I agree it is a tad late to correct what was given out in years past beyond what was taken in from these retirees. We need to set the base for the future with a forecast of what is need and not adulterate it with Infinity Horizons, Private Retirement Accounts, and talk of SS going broke. But then, I am preaching to the experts; am I not?
I am disappointed with the tack of hiding private retirement accounts withing the SS fix forthe next 75 years. Guess I will have to pen another letter to Stabenow and Levin. Mike Rogers (Congressman) is an idiot and a waste of time.
Wrong. Epic fail.
No one qualifies for maximum benefits with a minimum contribution. Under your formulation everyone would qualify for the max, an obvious absurdity.
Wrong. Epic fail.
Yes, pretty much. I was using an incorrect calculator.
Using earnings of $10k per year from 1978-2029 (50 years) said example person would have paid in approx $60K (12%), into SS and his benefit would be $1,154 per month or $13,848 per year http://www.ssa.gov/cgi-bin/benefit6.cgi giving him 4.3 years of benefits before he exhausts the amount he contributed.
cOBERLY,
I agree with your premise that Social Security should not be structured in such a way as to have it appear that the wealthy are supporting the poor. On the other hand the wealthy seem to have no compunction when it comes to reducing their tax liablities to the general budget by using the Trust Fund surplus to reduce the apparent deficit. This game has been going on for thirty years. I’d put a bit less emphasis on the rich not paying higher payroll taxes, and a bit more emphasis on the rich simply paying taxes on all of their income streams in support of the general budget. If the Treasury could get the general budget under control in a direct and appropriate manner there would be less need for all the focus on Social Security’s Trust Fund as the solution to budgetary insufficiencies. In short, don’t fight the rich man’s battles for him. He already has us beat on the field with his inordinate control over our elected officials.

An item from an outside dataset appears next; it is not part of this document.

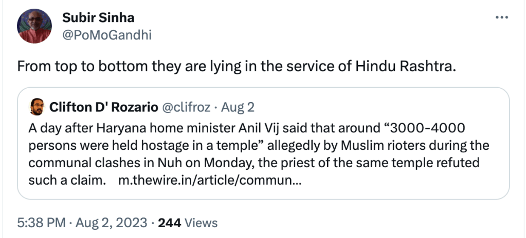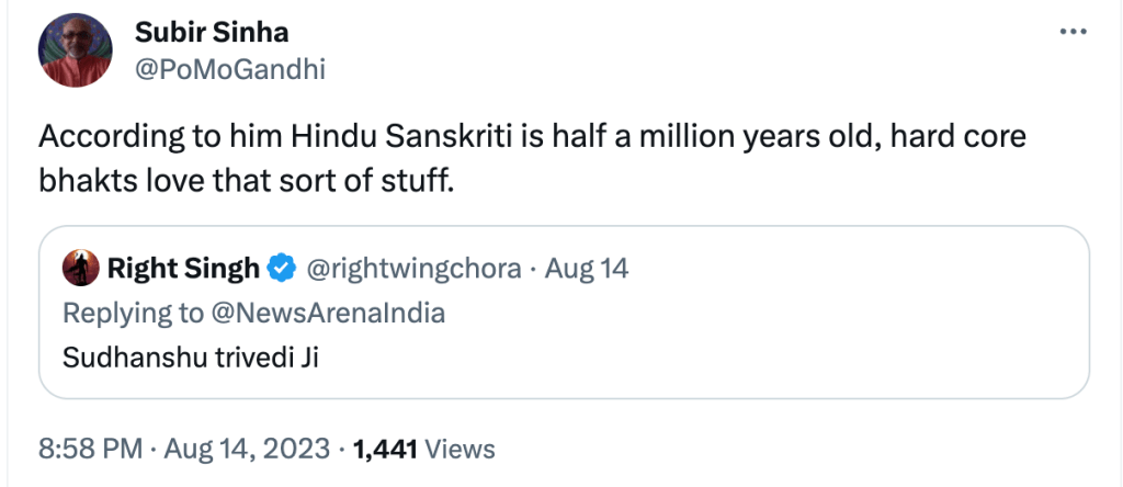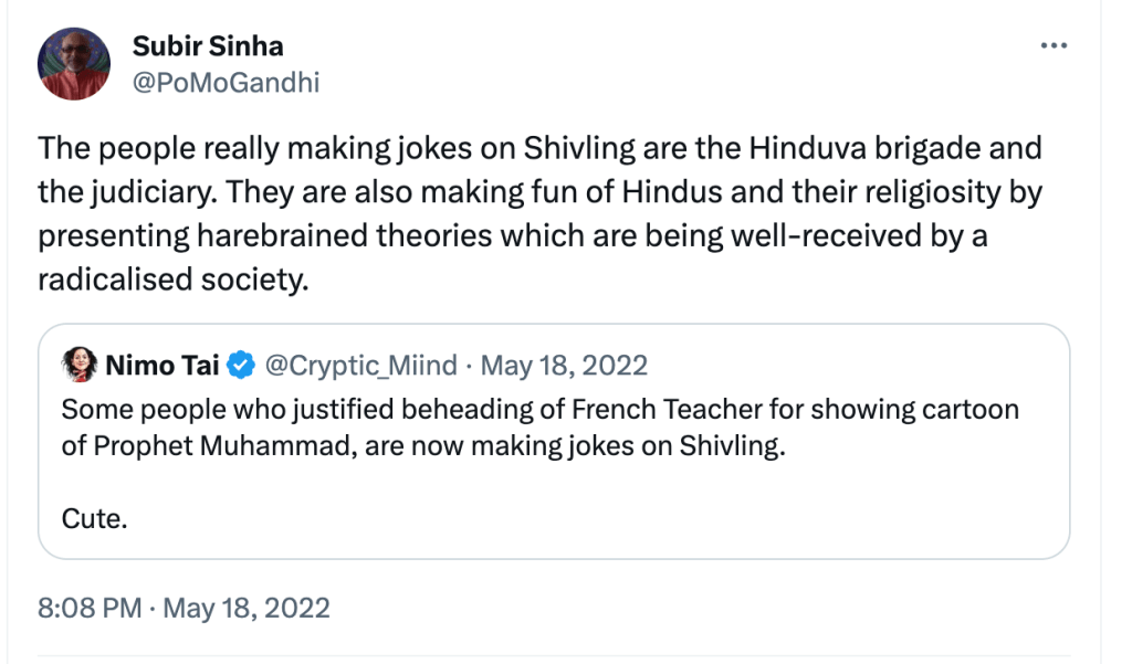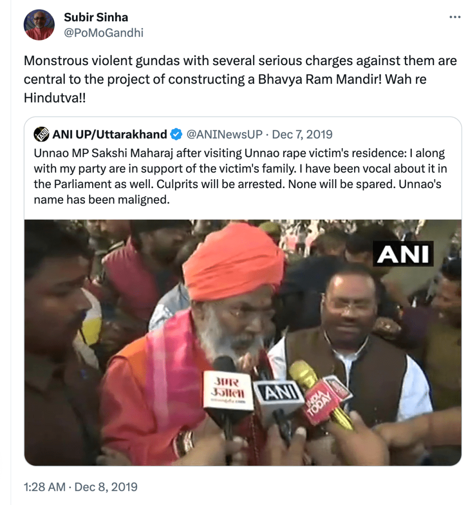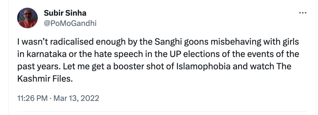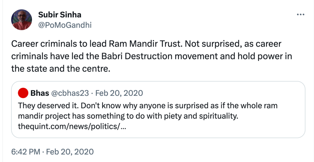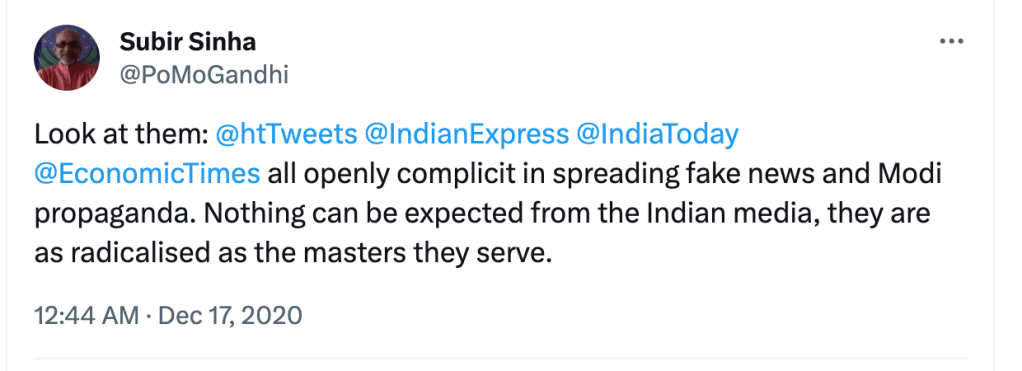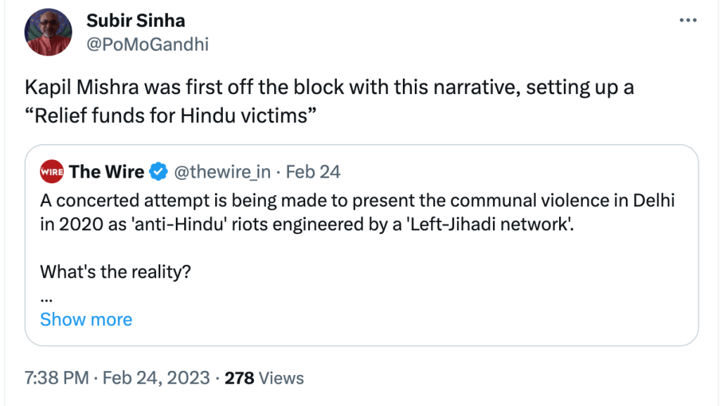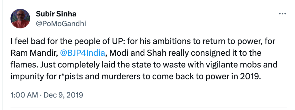 In 2022, Subir Sinha wrote “Modi’s ‘people’ and populism’s imagined communities” where he ridicules the millions of Hindus slaughtered, raped and forcibly converted by Islamic invaders as “…meme of a ‘Hindu holocaust’…. “. The entire piece is riddled with claims not backed up by data or evidence, complete lies and utter contempt for Hindus.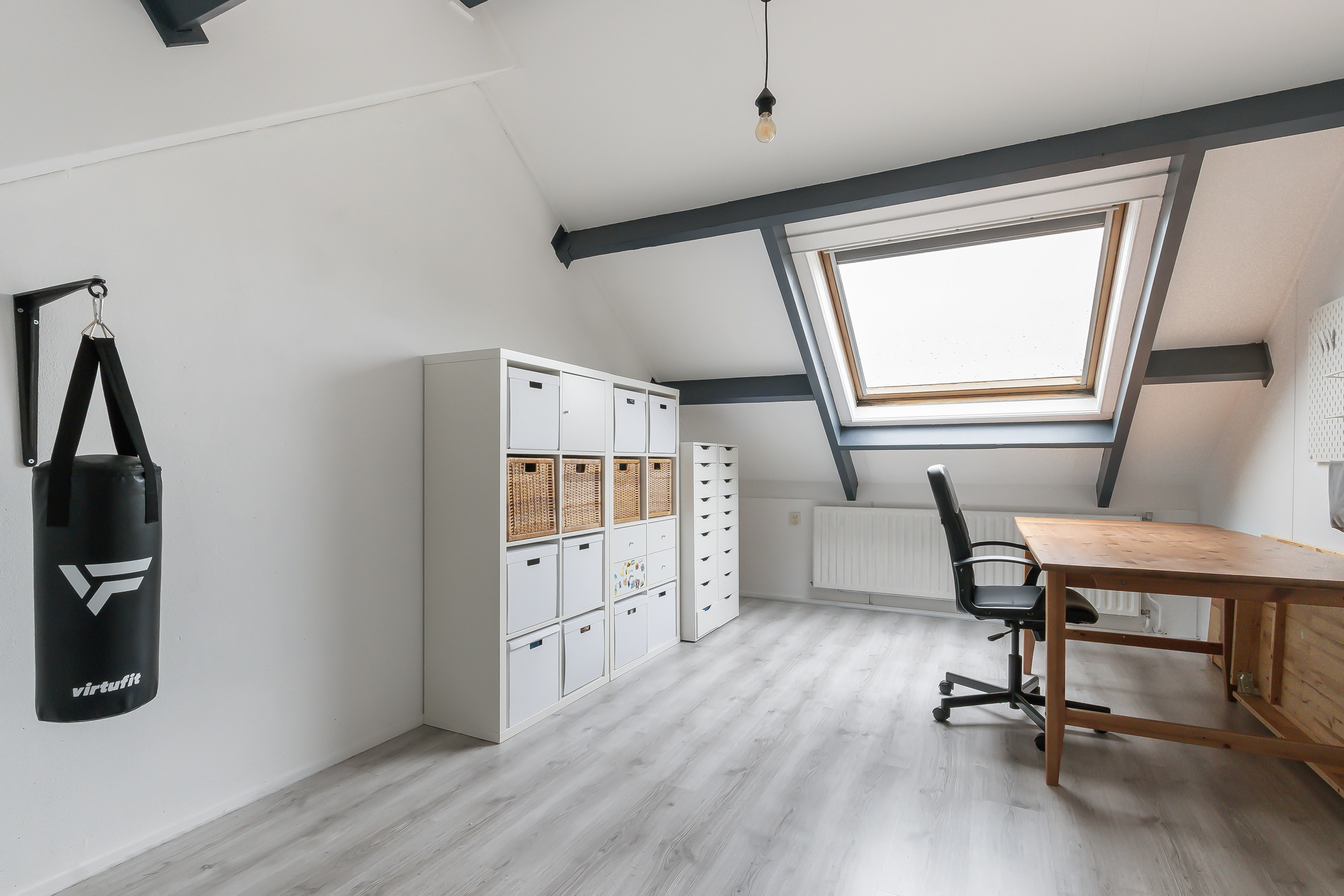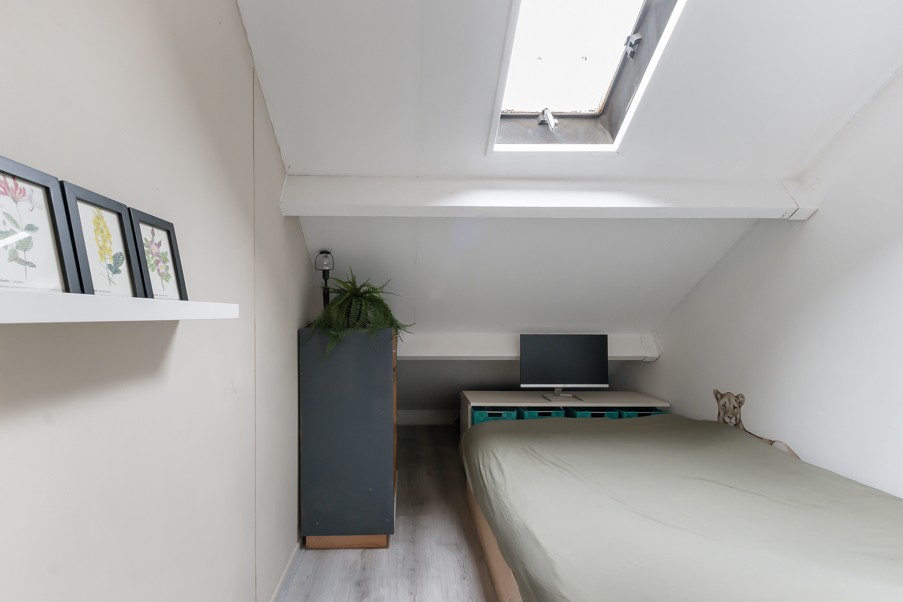 - Slaapkamer 4, voorzien van een groot Velux dakraam (dubbelglas), wastafel en knieschotten.

Fight your own battles. Let the wealthy fend for themselves.
run,
I believe Sammy is making a supportive point in that if they raise SS Withholding high enough, it creates surplus revenue going into the General Funds
This is true. SS is a pretty popular program, so it will be relatively easier to sell the tax hikes than just a general income tax increase. Not that I want that, but Obamao the spender needs dough.
jack
i don’t want to keep Social Security insurance for workers paid for by workers because i am so fond of the rich. it just works better that way.
but you are absolutely right, the rich need to pay their own goddam bills.
no, this is a little confused.
they already raised the “withholding” (i assume you mean FICA payroll tax). they are using the panic about repaying the money as an excuse to cripple social security by some method we have not yet seen.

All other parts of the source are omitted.